The full listing, copied exactly and free of pictures, is the expected reply.

◆ RAW DATA
□ □ □ □ □ □ □

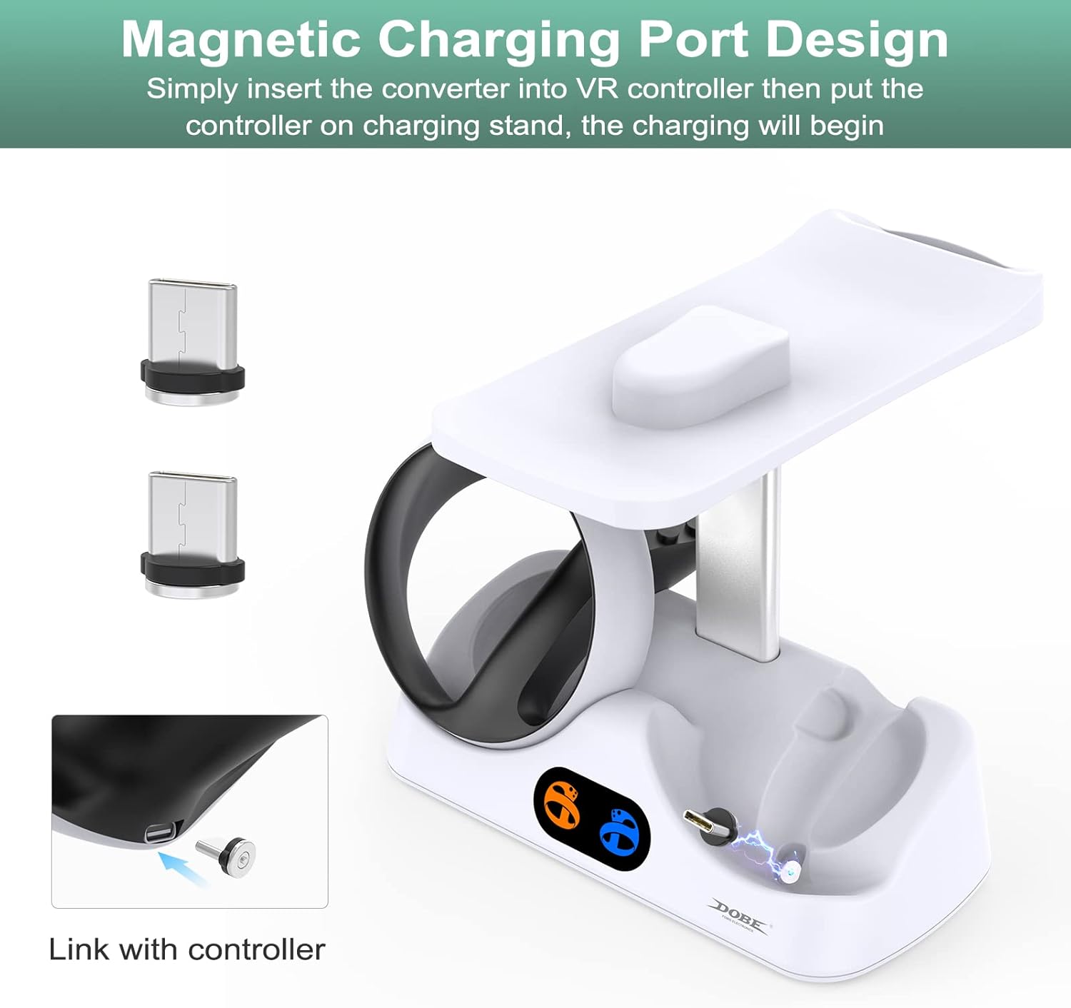 【What you’ll get】You will get 1x Charging Station for Controllers; 1x Stand for Headset; 2xMagnetic charging interfaces for controller charging; For every purchase, we provide 7 x 24 customer service, if there are any questions, please contact us, we will do our best to make you satisfied.
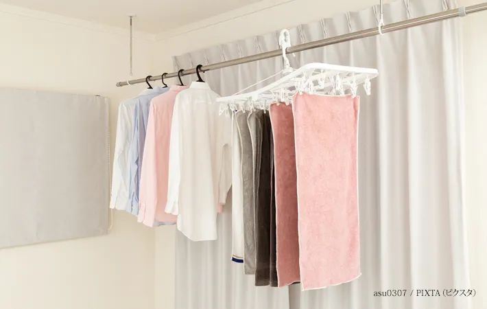 確実に乾かすためにも、秋冬は取り込んだ後、室内にしばらく干す『仕上げ干し』を習慣にすると安心です。
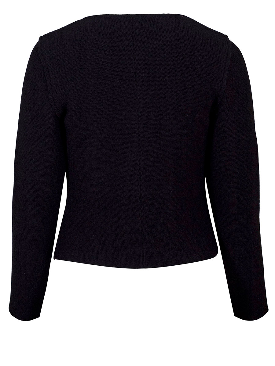 Die schwarze Damenjacke wird mit schimmernde Perlmuttknöpfe in Holzoptik geschlossen. Rechts und links gibt es je eine kleine dezente Tasche.
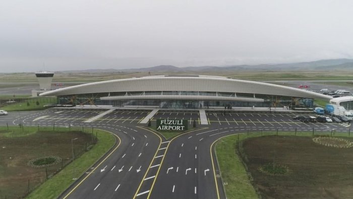 “Türkiyə Prezidenti Rəcəb Tayyib Ərdoğan və Azərbaycan Prezidenti İlham Əliyev Qarabağın dünyaya açılan qapısı Füzuli Beynəlxalq Hava Limanının açılışını etdilər”.
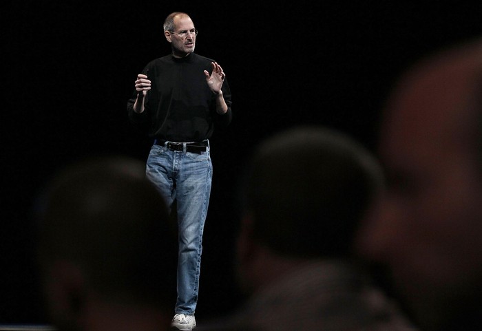 Steve JobsΒ . Mendiang Steve Jobs dikenal dengan penampilannya yang ikonik mengenakan kaus lengan panjang berkerah turtle neck. Tampilan ini dilengkapi dengan celana jeans dan sneakers putih. Gaya santai mantan CEO Apple ini tetap diingat hingga kini. Foto: Foto: Getty Images

□ □ □ □ □ □ □

◆ SOLUTION TO THIS PROBLEM
 【What you’ll get】You will get 1x Charging Station for Controllers; 1x Stand for Headset; 2xMagnetic charging interfaces for controller charging; For every purchase, we provide 7 x 24 customer service, if there are any questions, please contact us, we will do our best to make you satisfied.
 確実に乾かすためにも、秋冬は取り込んだ後、室内にしばらく干す『仕上げ干し』を習慣にすると安心です。
 Die schwarze Damenjacke wird mit schimmernde Perlmuttknöpfe in Holzoptik geschlossen. Rechts und links gibt es je eine kleine dezente Tasche.
 “Türkiyə Prezidenti Rəcəb Tayyib Ərdoğan və Azərbaycan Prezidenti İlham Əliyev Qarabağın dünyaya açılan qapısı Füzuli Beynəlxalq Hava Limanının açılışını etdilər”.
 Steve JobsΒ . Mendiang Steve Jobs dikenal dengan penampilannya yang ikonik mengenakan kaus lengan panjang berkerah turtle neck. Tampilan ini dilengkapi dengan celana jeans dan sneakers putih. Gaya santai mantan CEO Apple ini tetap diingat hingga kini. Foto: Foto: Getty Images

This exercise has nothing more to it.